Your objective. Please reproduce the lines from the one containing "Dr. Teal's foaming" through the end of the data below exactly as they stand, and omit all pictures.
::: Data block
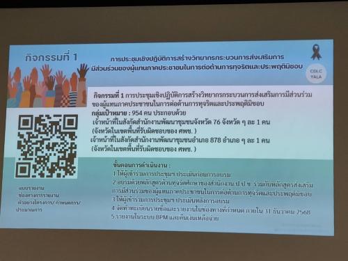 พช.ตากใบ ร่วมประชุมเชิงปฏิบัติการสร้างวิทยากรกระบวนการส่งเสริมการมีส่วนร่วมของผู้แทนภาคประชาชนในการต่อต้านทุจริตและประพฤติมิชอบ
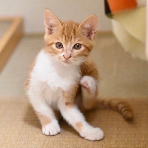 | 特徴(性格など) | 4兄弟の紅一点。最初は少し怖がって兄弟の後ろに隠れていましたが、馴れてきたら本領発揮。今ではお兄ちゃんたちに混じってプロレスごっこしちゃうお転婆さんになりました。 兄弟で繰り広げられる保護主のお膝争奪戦では、膝では勝てない!と、背中から登る技を覚えました(笑)さすがメス猫さんです。 おさむくん、ひとしくん、まもるくんと兄弟です。兄弟2匹でのお迎えも嬉しいです。脱走対策をしっかりとして下さるお家を希望します。 |
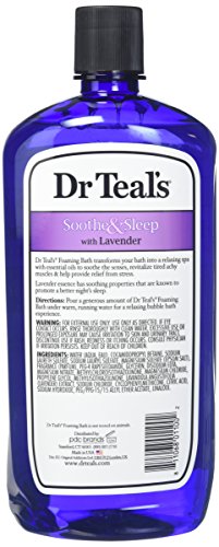 Dr. Teal's foaming bath transforms an ordinary bath into a relaxing spa with luxurious essential oils to soothe the senses, relax tense muscles and provide relief from stress. Lavender essence has soothing properties that are known to encourage a better night's sleep. This finished product is not tested on animals. Made in the USA. Distributed by advanced beauty systems.Feature
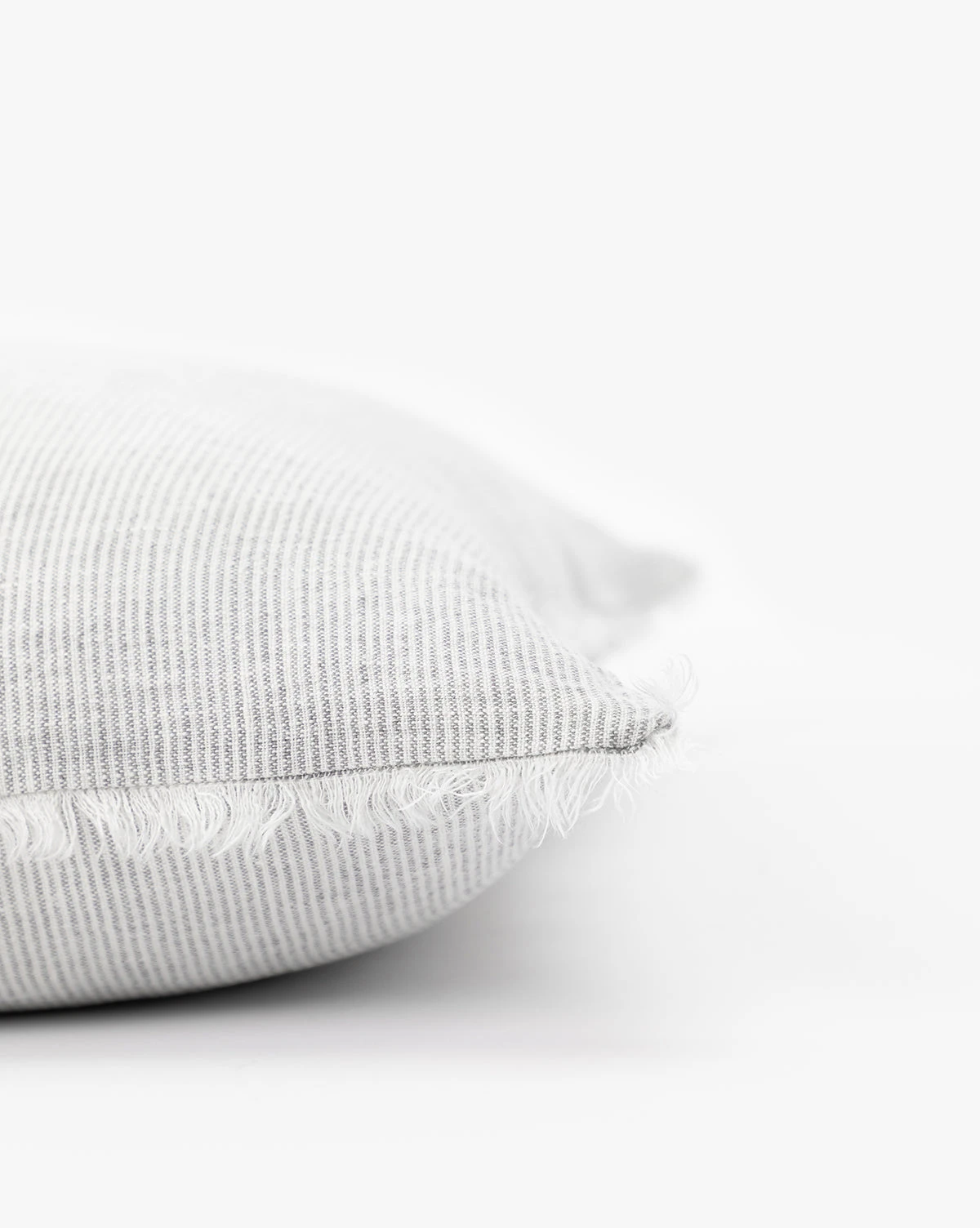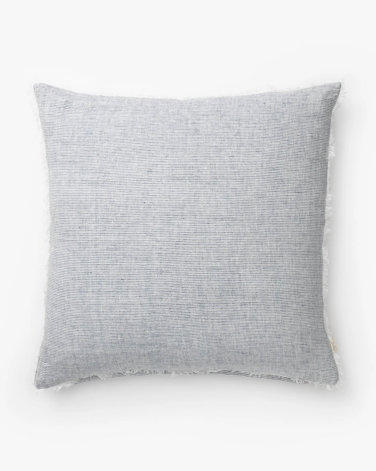 Made from 100% linen, the McCallen Pillow is full of subtle texture and depth – perfect for layering with your pillow collection. A sophisticated fringe edge lends added textural interest to the gray or navy striped pillow.
::::::
Exercise response.
 Dr. Teal's foaming bath transforms an ordinary bath into a relaxing spa with luxurious essential oils to soothe the senses, relax tense muscles and provide relief from stress. Lavender essence has soothing properties that are known to encourage a better night's sleep. This finished product is not tested on animals. Made in the USA. Distributed by advanced beauty systems.Feature
 Made from 100% linen, the McCallen Pillow is full of subtle texture and depth – perfect for layering with your pillow collection. A sophisticated fringe edge lends added textural interest to the gray or navy striped pillow.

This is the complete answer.